With a prayer to Hashem on his lips, Mark went to confront his commanding officer.
"Sir," he said formally to Colonel Rayburn, "unless it is a matter of life or death, I will not be able to support you for the next twenty-five hours."
In the moment before Rayburn's reply, Mark braced himself. His statement was material enough for a court martial, if he colonel should choose to charge him for insubordination.
No officer can tell his commander, especially in a hazardous area of operations, that he will not be obeying any further commands for a period of time!
To his astonishment, Rayburn smiled at him warmly. "Captain, there is no problem too big for us to solve," he said reassuringly. "I understand how important your Sabbath is to you. If your replacement isn't, back on his feet on time, then the commanding general at headquarters is going to receive a very apologetic phone call from me. I'll explain that our airplanes are undergoing repairs, and that the maintenance crews predict that it will take about twenty-five hours to get them mission-ready again. In the meantime, all operations to support our mission will just have to be flown from the mainland." Rayburn smiled again. "I think that will take care of the problem, don't you?"
Mark could only stand there in shock at this open miracle that would allow him to observe Shabbos properly.

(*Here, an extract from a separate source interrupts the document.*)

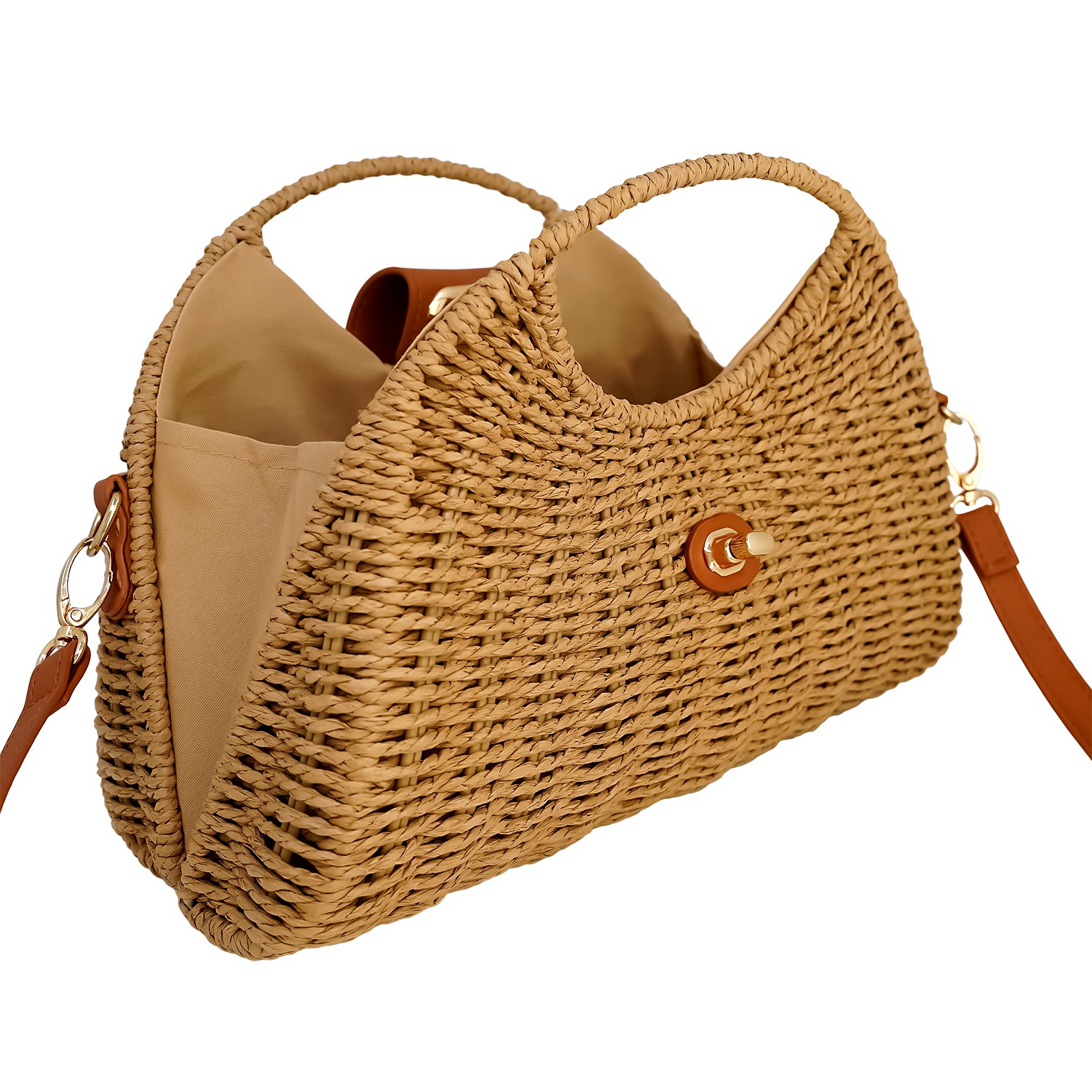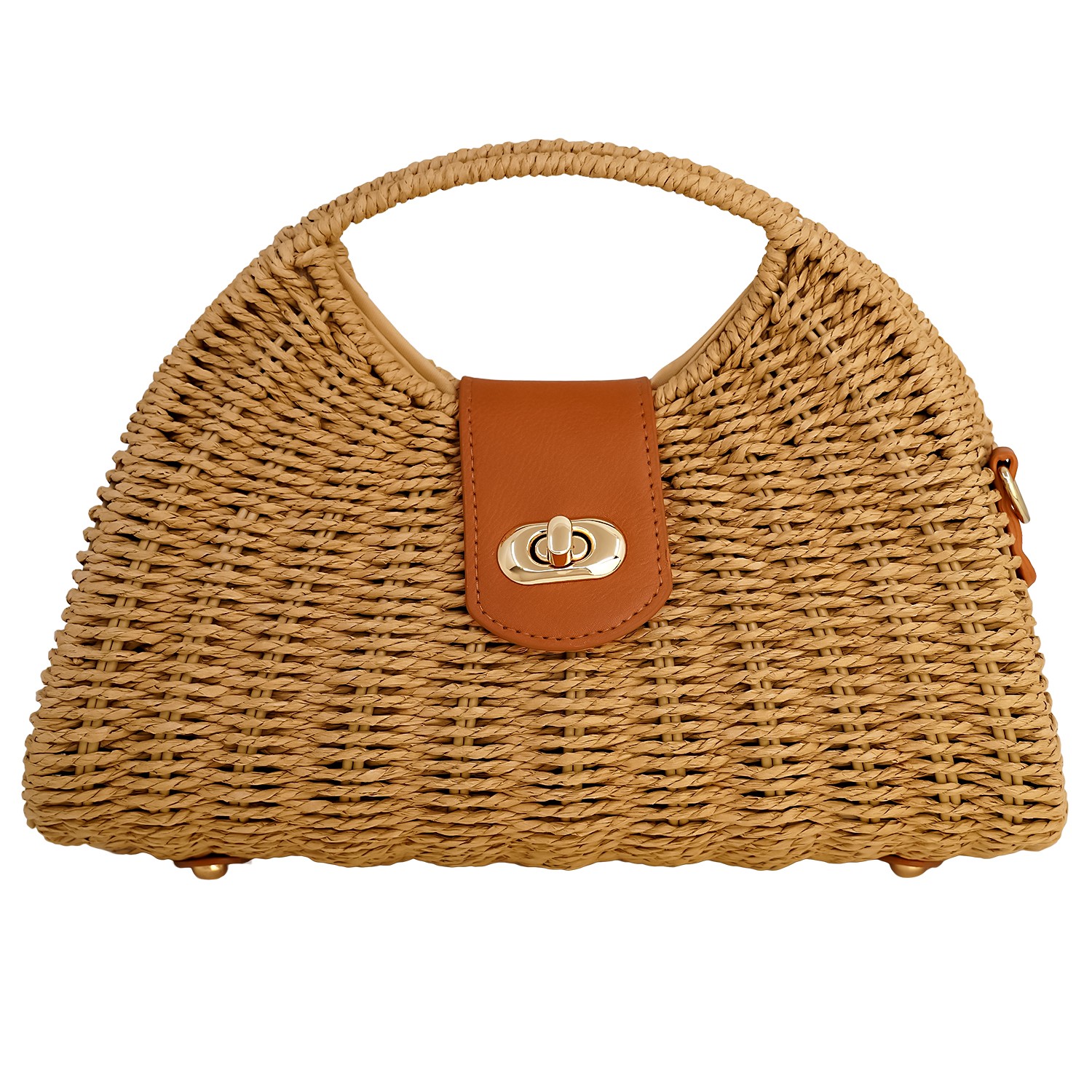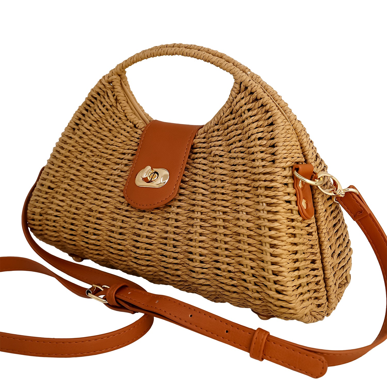 Γυναικεία τσάντα ψάθινη με λεπτομέρειες από οικολογικό δέρμα και λουράκι

Mark was part of a crew that reached the Kuwaiti theater of operations long before the general population of the U.S. had even heard of the little country. Their plane landed in a remote desert area and the crew was directed to change into civilian clothing before disembarking in order to avoid alarming the local populace. Mark could not help but feel uneasy as he and his fellow officers were directed to a diplomatic compound, surrounded by Arabs on all sides.
At the compound, each man was handed a questionnaire to fill out. Mark skimmed through the list of questions and came to an abrupt halt at one particular query:
"What is your religion?"
Mark did not know what to do. He was the only Jewish person in the crew. True, he and his fellow officers had come help the people of the Persian Gulf region; but as a Jew, he knew that they might very well cut his throat! Even before embarking on this particular mission, he had asked for advice; he'd been told that as long as he did not make any overt reference to his religion, there would be no difficulty. Now, however, was being explicitly asked to name his religion. What should he do?
Hesitantly, he shared his concerns with the other members crew. The men discussed the matter briefly among themselves, then turned back to Mark.
"We think we have the answer." they said. "If none of us answer the question, they'll have no cause for suspicion on Mark. We'll all just leave that particular question blank." Mark was greatly relieved. He knew that he had managed to gain the respect of the crew, and that was why they came through for him when he needed them.
During his last two years of duty, Mark and his family stationed at the McGuire Air Force Base in New Jersey, spending one Shabbos in nearby Lakewood, they decided that they had found the perfect place to make their permanent home.
Today, Captain Mark Seigel is a part of the Lakewood community. He is an activist on behalf of a great Torah institution. To the seeming excitement and glamour of his Air Force he says with all sincerity that there is no greater thing he could have done all his life than contribute to the dissemination of Torah.